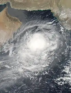 In late October, a low-pressure area formed over the Arabian Sea. It slowly consolidated and a Tropical Cyclone Formation Alert (TCFA) was issued by the Joint Typhoon Warning Center (JTWC) on October 24.[27] The following day, the India Meteorological Department (IMD) classified the storm as a depression, designating it ARB 02, and the JTWC estimated tropical storm winds at the storm's center, starting advisories for the system.[28] On October 26, the system remained stationary and intensified into a Deep Depression. Subsequently, the IMD reported the storm had intensified into a cyclonic storm, and named it Nilofar.[29][30] The following day, the IMD upgraded the storm into a severe cyclonic storm and further to a very severe cyclonic storm, and the JTWC reported hurricane-strength winds at Nilofar's center as it meanwhile developed an eye feature.[31][32][33] On October 28, Nilofar underwent rapid intensification throughout the day, reaching a peak strength of 950 mbar (28.05 inHg) with wind speeds exceeding 205 km/h (127 mph), tied with Hudhud. Over the following days, the storm recurved northeastwards and experienced high vertical wind shear, causing it to weaken rapidly into a minimal cyclonic storm on October 30. The low-level circulation center of the storm became exposed in the following hours and IMD downgraded the storm into a well-marked low-pressure area on October 31, issuing its final advisory for the system.
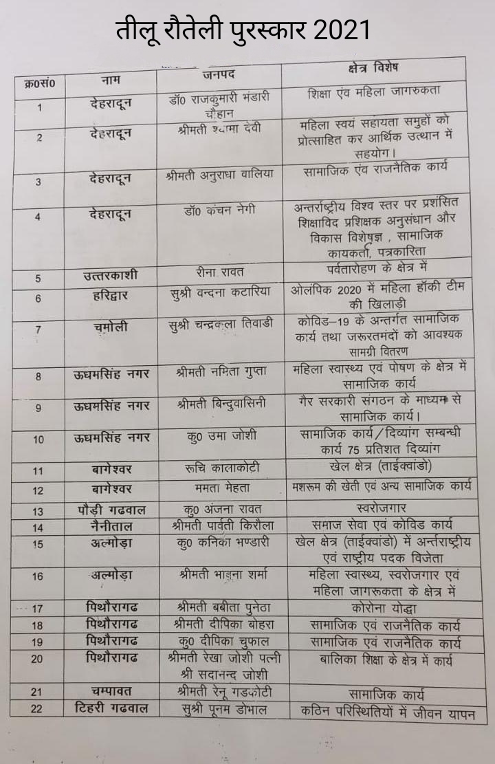 वीरांगना तीलू रौतेली पुरस्कार सामाजिक, शिक्षा, साहित्य, वीरता एवं साहस, कोविड काल में मदद, खेल, पर्यावरण आदि के क्षेत्र में कार्य पर महिलाओं को दिया जाता है, लेकिन इस बार सत्तारूढ़ पार्टी से संबंधित राजनीतिक क्षेत्र की महिलाओं के नाम भी सूची शामिल कर दिए गए।
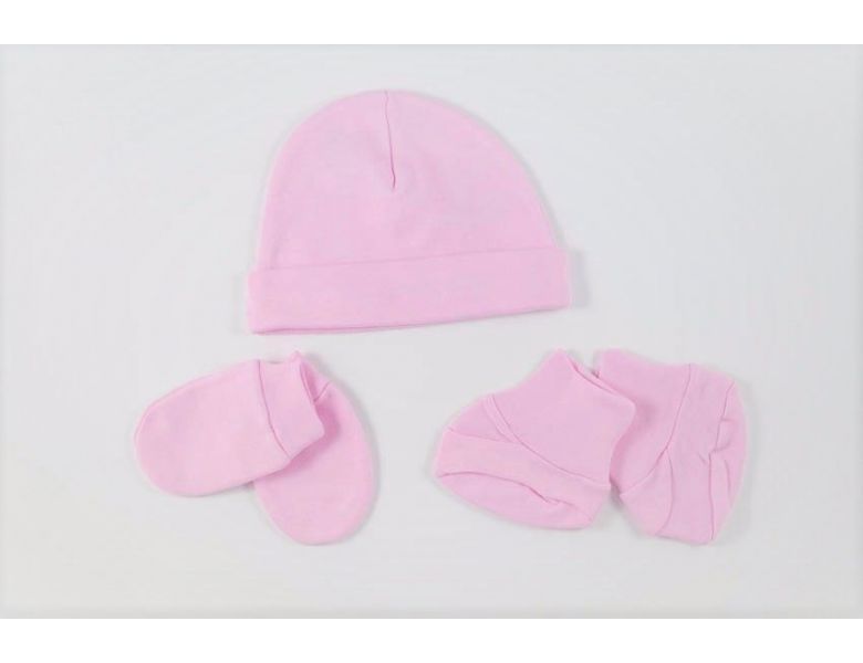 Conjunto de gorro,manoplas y patucos para recien nacido. 100% algodón. Color rosa. Marca BABIKÍ.
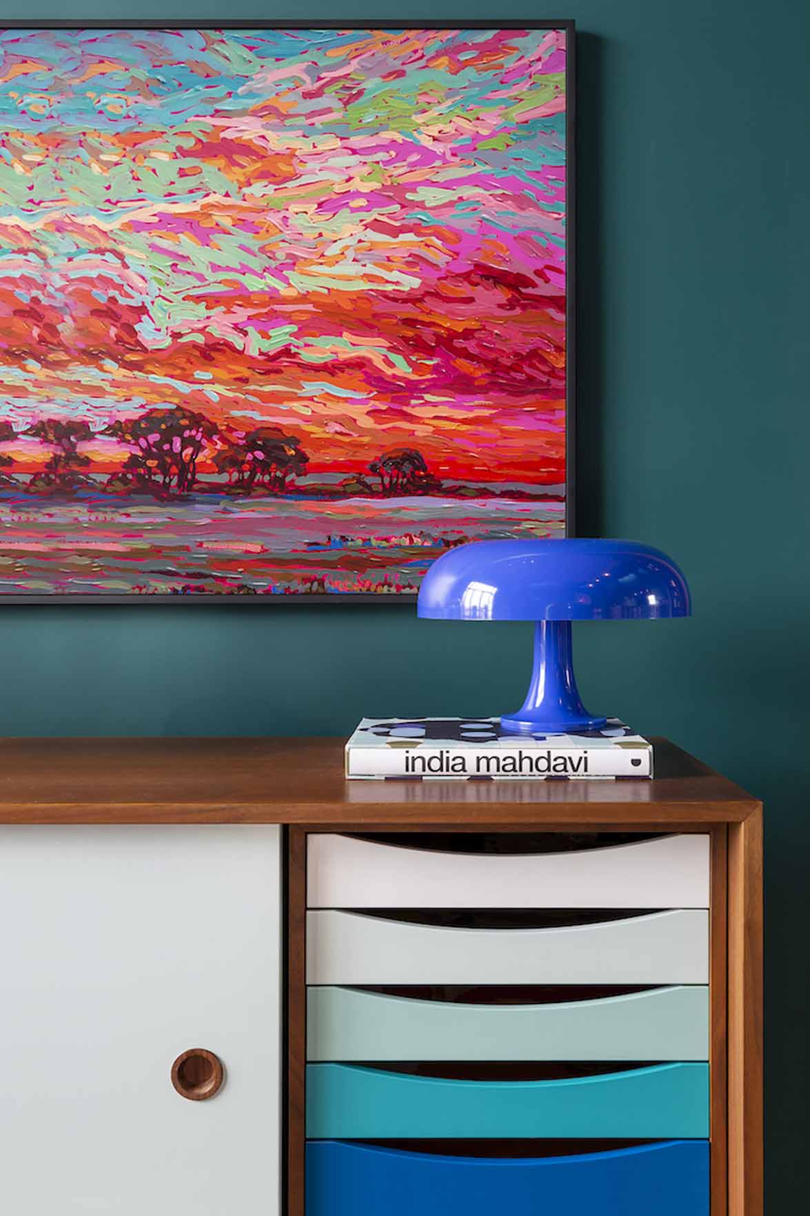 A tulajdonos által választott bútorok között ikonikus mid-century darabokat és kortárs tervezők munkáit láthatjuk, minden karakteres elem a szín- és fénydramaturgiát szolgálja. A lakás dekorációja attól működik igazán, hogy a merész színek nem öncélúak: a tér tagolását, a fény útját és a tárgyak „szerepét” egyszerre rendezik.
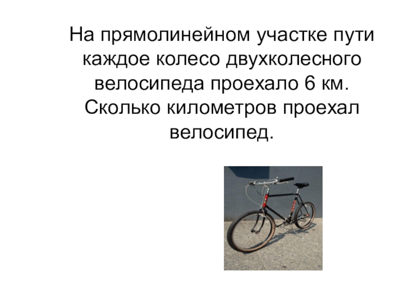Слайд 7На прямолинейном участке пути каждое колесо двухколесного велосипеда проехало 6 км.

──────────

- **Activity**: Reproduce the lines above exactly, please, but not the pictures in them.

- **Reply**:
 In late October, a low-pressure area formed over the Arabian Sea. It slowly consolidated and a Tropical Cyclone Formation Alert (TCFA) was issued by the Joint Typhoon Warning Center (JTWC) on October 24.[27] The following day, the India Meteorological Department (IMD) classified the storm as a depression, designating it ARB 02, and the JTWC estimated tropical storm winds at the storm's center, starting advisories for the system.[28] On October 26, the system remained stationary and intensified into a Deep Depression. Subsequently, the IMD reported the storm had intensified into a cyclonic storm, and named it Nilofar.[29][30] The following day, the IMD upgraded the storm into a severe cyclonic storm and further to a very severe cyclonic storm, and the JTWC reported hurricane-strength winds at Nilofar's center as it meanwhile developed an eye feature.[31][32][33] On October 28, Nilofar underwent rapid intensification throughout the day, reaching a peak strength of 950 mbar (28.05 inHg) with wind speeds exceeding 205 km/h (127 mph), tied with Hudhud. Over the following days, the storm recurved northeastwards and experienced high vertical wind shear, causing it to weaken rapidly into a minimal cyclonic storm on October 30. The low-level circulation center of the storm became exposed in the following hours and IMD downgraded the storm into a well-marked low-pressure area on October 31, issuing its final advisory for the system.
 वीरांगना तीलू रौतेली पुरस्कार सामाजिक, शिक्षा, साहित्य, वीरता एवं साहस, कोविड काल में मदद, खेल, पर्यावरण आदि के क्षेत्र में कार्य पर महिलाओं को दिया जाता है, लेकिन इस बार सत्तारूढ़ पार्टी से संबंधित राजनीतिक क्षेत्र की महिलाओं के नाम भी सूची शामिल कर दिए गए।
 Conjunto de gorro,manoplas y patucos para recien nacido. 100% algodón. Color rosa. Marca BABIKÍ.
 A tulajdonos által választott bútorok között ikonikus mid-century darabokat és kortárs tervezők munkáit láthatjuk, minden karakteres elem a szín- és fénydramaturgiát szolgálja. A lakás dekorációja attól működik igazán, hogy a merész színek nem öncélúak: a tér tagolását, a fény útját és a tárgyak „szerepét” egyszerre rendezik.
Слайд 7На прямолинейном участке пути каждое колесо двухколесного велосипеда проехало 6 км.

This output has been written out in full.